Sigh. I have a neutral white tactical aa^2 sitting at my apartment, and I'm home on fall break visiting the family. I'm looking forward to using it, but clearly I have a flashlight problem. Today at Wal Greens I saw a 3-C cell flashlight - 1 halogen bulb centered among 6 white LEDs, with 3 settings: 3 LED, 6 LED, and halogen. I nearly bought it, just barely remembered that I had no C cells, and a flashlight waiting for me. Looked like a good light, had the ringy etching all the way up.


----------



## UnknownVT (Oct 10, 2009)

KiwiMark said:


> So I paid extra and bought a body and head and tailcap (the 3 pieces instead of a complete light) - all are still available. I'd rather pay $10 more and have the light I want.



WoW! now that's great, still being able to do that.

You are absolutely right to get the light you want rather than compromise - admirable.

I hope you'll enjoy the neutral white. 

Personally I am liking the neutral white more and more - 
I had occasion to use my EDC Fenix L01D the other night - 
like I say when it's dark any light is better than no light - 
but I noticed how gray/blue things looked with that light - 
and I thought I was used to "white" LEDs 
(The RB80 is also a bit warmer than the average coll white Cree Q5) - made me wish for an AAA neutral white to carry.....


----------



## B0wz3r (Oct 11, 2009)

Hey VT, et. al...

I'm going to go ahead and get a QAA in a couple of days, even though the neutral white ones are out of stock. I'm also going to get a couple of AW 14500's and a charger as well.

I'm signed up for an overnight leader's training session in two weeks with boy-scouts (I'm the den leader for my son's cub-scout Webelos den this year), and I want to make sure I've got a light that will at least go toe to toe with the best of them. (Even better if I blow a few people away with it too.  ) I think I'm going to like throwing 170L from a 1x AA light. 

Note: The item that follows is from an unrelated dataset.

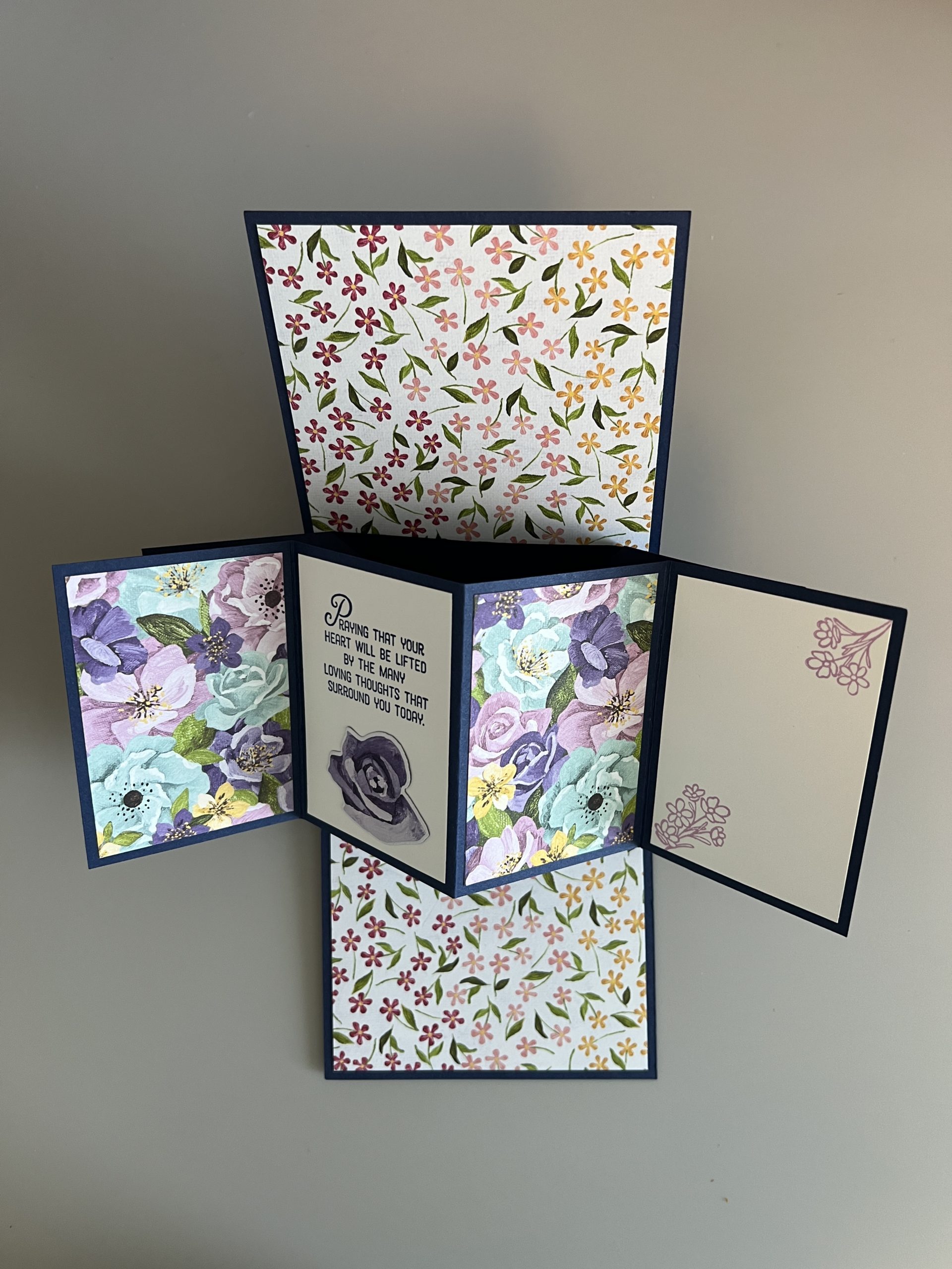 What a WOW card this one is! The Hues of Happiness Designer Series Paper is gorgeous on its own but using it for this Fun Fold card made it POP all the more. Any stamp set or paper will work for this card, my choice was the Stampin’ Up Happiness Abounds stamp set with the Blossoming Happiness Dies. With the Hues of Happiness DSP, I was able to cut flowers out of the paper with the coordinating dies. I just love how easy Stampin’ Up makes it for us. Don’t be scared by reading the instructions to make this card. The hardest part is folding the cardstock so that the mechanism works properly. To do this I give you step by step pictures and a video. It is not a complicated card to make. I suggest making a sample out of old cardstock and write measurements and notes on it for future cards. I like to do this with all my Fun Fold cards.

One more thing... is there any time limit on using the Quarks on turbo? I've read that on some of the Fenixes they say you should only run them on turbo for five minutes or less because otherwise you'll burn out the emitter. Is that also true for the Quarks? From what I can tell they all use the same head, but I haven't found anything on 4seven's website indicating a turbo mode time limit.


----------



## UnknownVT (Oct 11, 2009)

B0wz3r said:


> One more thing... is there any time limit on using the Quarks on turbo? I've read that on some of the Fenixes they say you should only run them on turbo for five minutes or less because otherwise you'll burn out the emitter. Is that also true for the Quarks? From what I can tell they all use the same head, but I haven't found anything on 4seven's website indicating a turbo mode time limit.



Don't know for sure - you best ask 4Sevens that question.

I do know that the Quarks (AA, AA2 and 123) have buck/boost circuits - so they actually buck/lower any voltage (up to 4.2V) down to the proper Vf of the LED which not only means the lights retain their lower levels - but protects the LEDs from over-voltage - which sometimes does not automatically mean sudden death - but can have detrimental effects over time.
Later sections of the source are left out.